前回の投稿の続きで人工授精や体外受精でも性交回数が多いほうが妊娠率が高くなるというエビデンスを紹介したいと思います。
『性交そのものが着床環境を免疫的に整えるように促す』
文献:Fertil Steril 2014;104:1513
https://academic.oup.com/emph/article/2015/1/304/1798160?login=true
インディアナ大学のキンゼイ研究所で、精液だけでなく、性行為そのものも免疫システムに影響を及ぼしているのではないかと考え、そのことを確かめた研究があります。
30名の女性に、月経サイクル中の月経期、卵胞期、排卵期、黄体期の4回、唾液を提供してもらい、唾液中の生殖ホルモン(エストロゲン、プロゲステロン)や2種類のヘルパーT細胞(Th1、Th2)が放出するサイトカイン(IFN-γ、IL-4)を測定し、それぞれの値の月経サイクル内の変動と性交との関係を解析したものです。

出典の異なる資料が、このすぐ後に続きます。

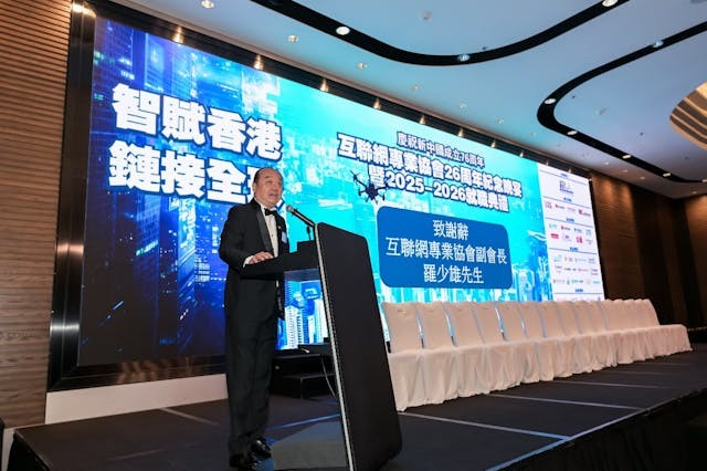 互聯網專業協會(協會)於9月22日舉行「慶祝新中國成立76周年、互聯網專業協會26周年紀念晚宴暨2025至2026就職典禮」。創新科技及工業局局長孫東擔任主禮嘉賓,與各位嘉賓、互聯網專業協會榮譽會長、常務理事會成員及會員、同業超過500人,一同慶祝國慶76周年及協會成立26周年,祝賀國家繁榮昌盛,協會邁向新的高度。

その結果、性交のあった女性では、黄体期に妊娠に有利に働くサイトカインが優勢でしたが、性交のなかった女性ではみられませんでした。
結果はコンドームの使用の有無に影響を受けなかったことから、性交そのものが、月経周期中の免疫反応が妊娠に有利に働くのかもしれません。
『精液は妊娠合併症のリスクや胎児の健康にも影響するかもしれない』
文献:J Reprod Immunol. 2009; 82: 66
https://pubmed.ncbi.nlm.nih.gov/19679359/
カップルの性的な関係のあった期間と妊娠後の子癇前症やSGA(子宮内発育遅延)との関係をニュージーランドとオーストラリアで調べた研究があります。

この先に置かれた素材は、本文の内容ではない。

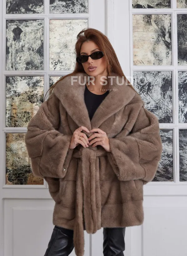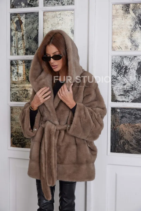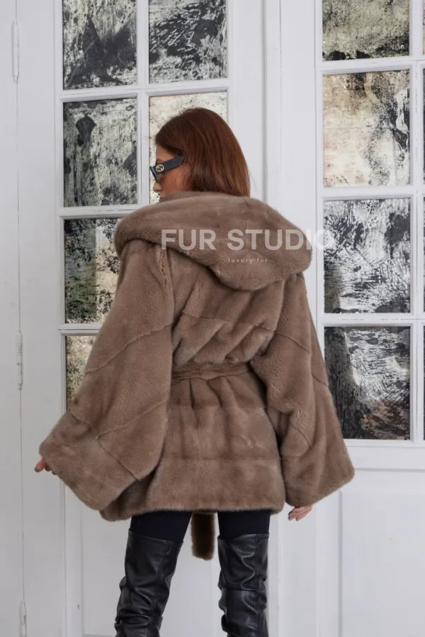 Палевая летучая мышь мех норка с капюшоном - NAFA MILK 100760

2,507名の初産の妊婦を対象にパートナーとの性的な関係の期間と子癇前症やSGAの発症との関係を調べたところ、期間が短いカップルほど子癇前症やSGAの発症リスクが高いことがわかりました。
これは、女性の生殖器官がパートナーの精液に触れる頻度が高くなるほど、女性の生殖器官が妊娠合併症のリスク低減や子宮内の胎児の成育に有利な状態になることによるのではないかとしています。
性交は「妊娠しやすさ」だけでなく、「妊娠合併症のリスク低減」や「胎児の成長」にも有利に働くかもしれません。
私的な意見ですが、自然妊娠では性交回数が多くなるほど妊娠の確率が高くなるのは理屈抜きで理解できますが、人工授精や体外受精、顕微授精では、もはや、性交は不要と考えがちかもしれません。
ところが、私たちには、「膣内射精で精液が女性の生殖器官に触れること」や「性交そのもの」が女性の身体が妊娠や出産に有利に働くメカニズムが備わっている可能性が大きいことがわかりました。
であれば、たとえ、タイミング指導でも排卵期以外にも性交すること、そして、たとえ、生殖補助医療を受けていても性交することは「いいこと」になるわけです。
ただし、くれぐれも誤解しないでいただきたいのは、不妊治療を受けている場合、「性交」は妊娠、出産に有利に働くようですが「性交」は必要条件ではありません。
つまり、ここでも、性交は「義務」ではないけれども、多少なりとも、妊娠、出産のサポートになるかもしれないということです。
それにしても、新しい命の誕生に際しての人間の身体のつくりの精巧さ、奥深さ、そして、神秘さに、驚かされるとともに、あらためて感動し、畏敬の念を抱かざるを得ません。